Her face softened, but she was smart enough not to try to touch me. “So you’ll do it?”

“I haven’t agreed to do anything,” I replied. I’d told her too much. “What’s in it for me?”

“Please help me,” she begged. “Just think about it before you give me your answer.”

What would Gaston do to Alex and Elizabeth if I just walked away? It wouldn’t be pretty. I couldn’t have another death on my conscience. But that didn’t mean I would be her dumb lovesick puppy ever again.

I met her eyes and nodded slowly.

She threw her arms around me, but for the first time I felt nothing when she touched me. Betrayal made me numb.

“Why’d they choose you?”

“Does it matter?” she replied.

“It matters to me.”

She wouldn’t meet my eyes. “Convenience,” she said. “Gaston and Alex hung out after work sometimes and I guess Alex talked about me and…”

“And what?”

“Gaston said I looked like your ex-girlfriend.”

“He should know,” I said bitterly. “Since he’s the one who killed her.” I went on, “Why did they think it would work?” It had worked, all too well, but I didn’t want to think about that now.

“I fancied myself quite the actress,” she said bitterly. “Alex was so proud of me. He—” She gulped and then continued. “—he used to say that I was so good at becoming someone else that I could fool anybody.”

My mind was whirling. “Tell me again why you agreed to do it,” I said.

“I told you,” Elizabeth said. “They have my brother.”

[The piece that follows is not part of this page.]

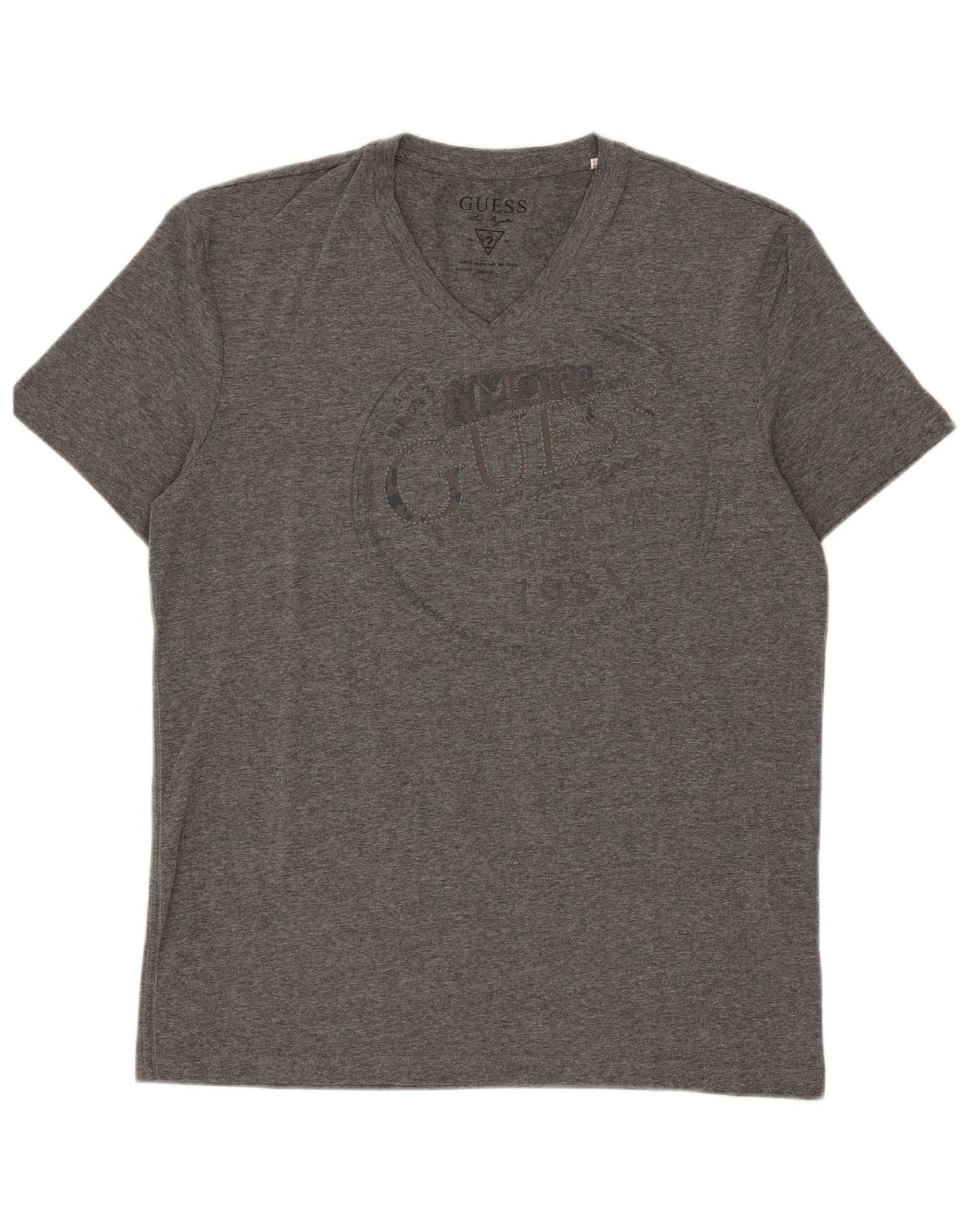 Damska koszulka graficzna Guess Top UK 14, duża, szara bawełna

I cleared my throat, hoping to dispel the nausea. “Where?”

“I don’t know,” she said. “Do you think I’d agree to something like this if I knew? I’m not a bad person.”

“How did you get involved with them anyway?”

“After my brother disappeared,” she said, “Gaston showed up at school. He told me they had my brother and what they wanted. ”

“So you never talked to Nona Polydoros about this? Or her husband?”

“Why would school trustees have anything to do with this?”

She didn’t know who they really were.

“Gaston never mentioned anything about Parsi Enterprises? Or his bosses?”

She shook her head.

“You’re sure?” Murderous rage overwhelmed me for a moment. Either my aunts were covering their tracks or Gaston had gone rogue.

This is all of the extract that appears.